An Internet of Intelligent Things Framework for Decentralized Heterogeneous Platforms
- URL: http://arxiv.org/abs/2509.10507v1
- Date: Mon, 01 Sep 2025 22:54:01 GMT
- Title: An Internet of Intelligent Things Framework for Decentralized Heterogeneous Platforms
- Authors: Vadim Allayev, Mahbubur Rahman,
- Abstract summary: Internet of Intelligent Things (IoIT) combines the utility of Internet of Things (IoT) devices with the innovation of embedded AI algorithms.<n>Many impediments to IoIT are linked to the energy-efficient deployment of machine learning (ML)/deep learning (DL) models in embedded devices.<n>We propose a heterogeneous, decentralized sensing and monitoring IoIT peer-to-peer mesh network system model.
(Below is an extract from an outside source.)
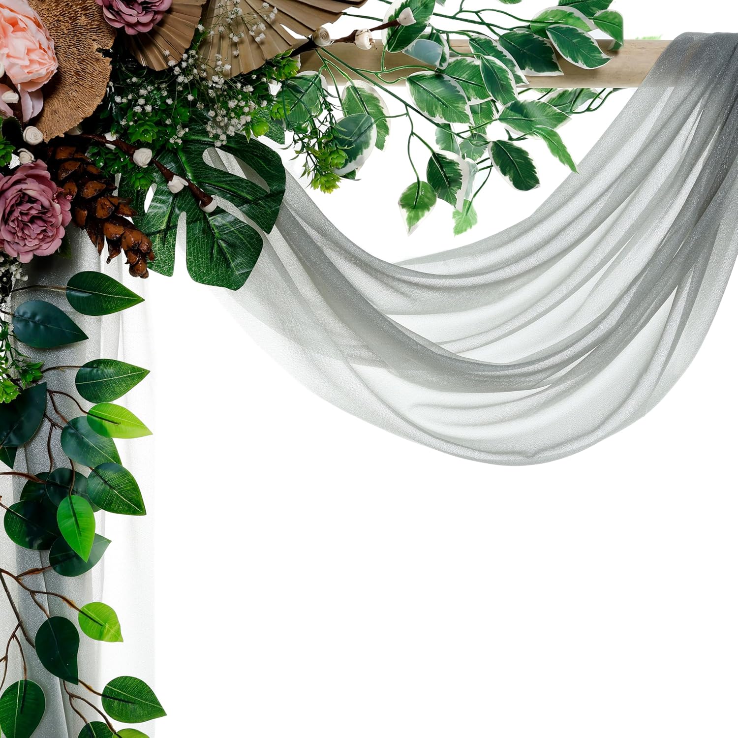 VDS Pack of 1 Panel (30 Inch X 40 Feet) Wedding Arch Draping Fabric Sheer Chiffon Fabric Drapery for Wedding Ceremony Reception Swag Backdrop Canopy Chuppah ARBO Altars Decoration (Grey)

- Score: 0.17188280334580194
- License: http://arxiv.org/licenses/nonexclusive-distrib/1.0/
- Abstract: Internet of Intelligent Things (IoIT), an emerging field, combines the utility of Internet of Things (IoT) devices with the innovation of embedded AI algorithms. However, it does not come without challenges, and struggles regarding available computing resources, energy supply, and storage limitations. In particular, many impediments to IoIT are linked to the energy-efficient deployment of machine learning (ML)/deep learning (DL) models in embedded devices. Research has been conducted to design energy-efficient IoIT platforms, but these papers often focus on centralized systems, in which some central entity processes all the data and coordinates actions. This can be problematic, e.g., serve as bottleneck or lead to security concerns. In a decentralized system, nodes/devices would self-organize and make their own decisions. Therefore, to address such issues, we propose a heterogeneous, decentralized sensing and monitoring IoIT peer-to-peer mesh network system model. Nodes in the network will coordinate towards several optimization goals: reliability, energy efficiency, and latency. The system employs federated learning to train nodes in a distributed manner, metaheuristics to optimize task allocation and routing paths, and multi-objective optimization to balance conflicting performance goals.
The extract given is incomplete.